Wilberforce stood there, blinking through his spectacles, and they all watched him. For over five minutes he appeared to be exactly the same, and their hearts sank; had they been to so much trouble and danger for nothing?
“How do you feel?” asked Parrot.
Wilberforce blinked at him.
“I said, how do you feel?” asked Parrot loudly.
“I heard you the first time; there’s no need to shout,” said Wilberforce. “And what’s it got to do with you how I feel, eh? Mind your own business, you interfering bird, or I’ll knock your beak off.”
“Good gracious,” said Peter in astonishment.
“And as for you two,” Wilberforce went on, striding across the lawn and shouting up at them. “What right have you got to insult my name? Put your faces down here, and I’ll knock them through the back of your heads.”
“Good heavens, this is most miraculous,” said Wensleydale. “I’ve never seen anything like it!”
Wilberforce wheeled round and, before anybody knew what he was doing, he had seized Wensleydale by his lace cravat and was shaking him to and fro.
“As for you,” shouted Wilberforce, “I’m sick and tired of you, you and your pernickety ways, that I am, and it’s about time someone taught you a lesson, that it is.”
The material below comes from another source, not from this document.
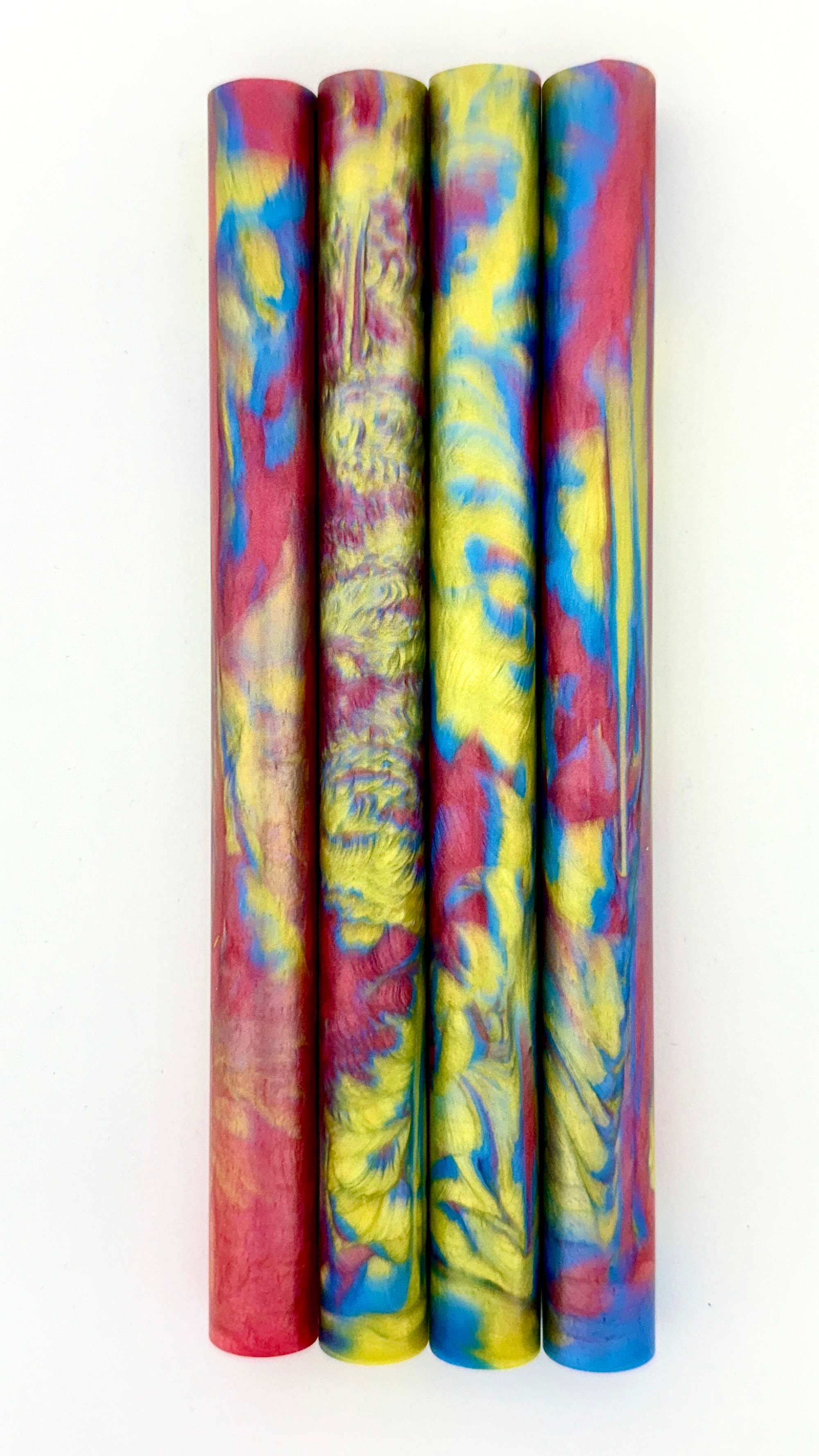 Custom Bespoke Makers Blank! 'Summer Solstice' is high pressure cast using Alumilite resin, translucent dyes mixed in with their matching ghost pigments. The end result is a blank that captures light with shimmering brilliance, casting it back out with double the color! High pressure cast in small batches and made for custom pen makers in mind, but also taking into consideration other hand-made craft Makers who require one of a kind, high end materials for their craft. This is it!

So saying, Wilberforce hit Wensleydale, Duke of Weaseldom, in the eye so hard that it knocked him back, so that he hit the tea trolley and upset it. The children gazed in astonishment at Wensleydale lying there covered in buttered toast and meringues, while Wilberforce danced around him.
“Get up and fight, you coward,” shouted Wilberforce, “you lily-livered Weasel, you. Get up, and I’ll cut you to pieces, so I will. I’ll cut both your ears off and knock all your teeth out.”
It took the other six gardeners to subdue Wilberforce and to lock him in the garden shed.